PANAJI
Historian Manu Pillai identified the first community census initiated by the British government in the early 19th century as the trigger for communal tensions in our country.
Pillai was discussing his latest book, Gods, Guns and Missionaries: The Making of a Modern Hindu Identity, with Goan scholar Kaustubh Naik at the 13th Goa Arts and Literature Festival at the International Centre, Dona Paula, on Friday.
“It was the first time that a census divided the population along community lines, and we suddenly had ‘Muslims’ and ‘Hindus’ being identified this way,” he said.
Explaining how India had emerged from a mere shared geographical space with people speaking different languages to military invasions and eventually religious conversions carried out by missionaries, Pillai said, “When the first European missionaries came to India, they likened the Hindu community’s worship of deities to ‘devil worship’ as they could not understand symbols like an angry goddess Kali or an aggressive Narasimha inside our temples.”
Pillai referred to the Portuguese invasion of Goa and said that the Portuguese first collaborated with the Hindu Brahmins but soon brought in Catholic priests to carry out religious conversions supported by their military.

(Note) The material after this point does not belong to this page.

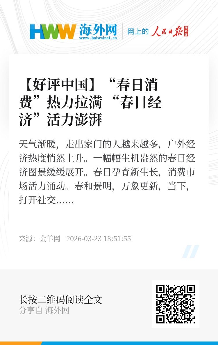 春日孕育新生长,消费市场活力涌动。春和景明,万象更新,当下,打开社交平台,满屏都是网友们晒的踏青“大片”,氛围感直接拉满;旅游平台的数据更直观,赏花游景区门票预订量持续攀升;就连菜市场里,香椿、荠菜、春笋这些时令春菜,也成了市民争抢的香饽饽……连日来,全国各地踏青赏花、采春茶、吃春菜等春季特色体验备受欢迎,带动文旅消费持续升温,“春日经济”活力尽显。从踏青赏花到寻味尝鲜,从徒步骑行到爬山露营,都不乏亮眼的市场数据和消费趋势,彰显出春日经济的供需两旺、活力十足,为美好生活增添了更多色彩,也为经济社会发展注入了勃勃生机。
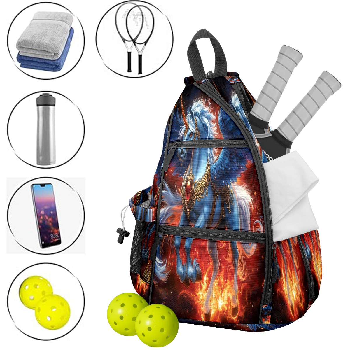 Pickleball Backpack Majestic Unicorn Blue for Women Men - Multi-Pocket Sports Bag with Shoe Compartment | Versatile Tennis Bag & Gifts for Pickleball Lovers

Pillai also explained how the British adopted a different approach by first supporting temples and Hinduism and only much later allowing their Protestant missionaries to carry out conversions. Referring to both Lokmanya Tilak and Veer Savarkar, Pillai explained how Tilak advocated cow worship and the study of the Vedas to promote Hinduism, while Savarkar advocated a more political form of Hinduism.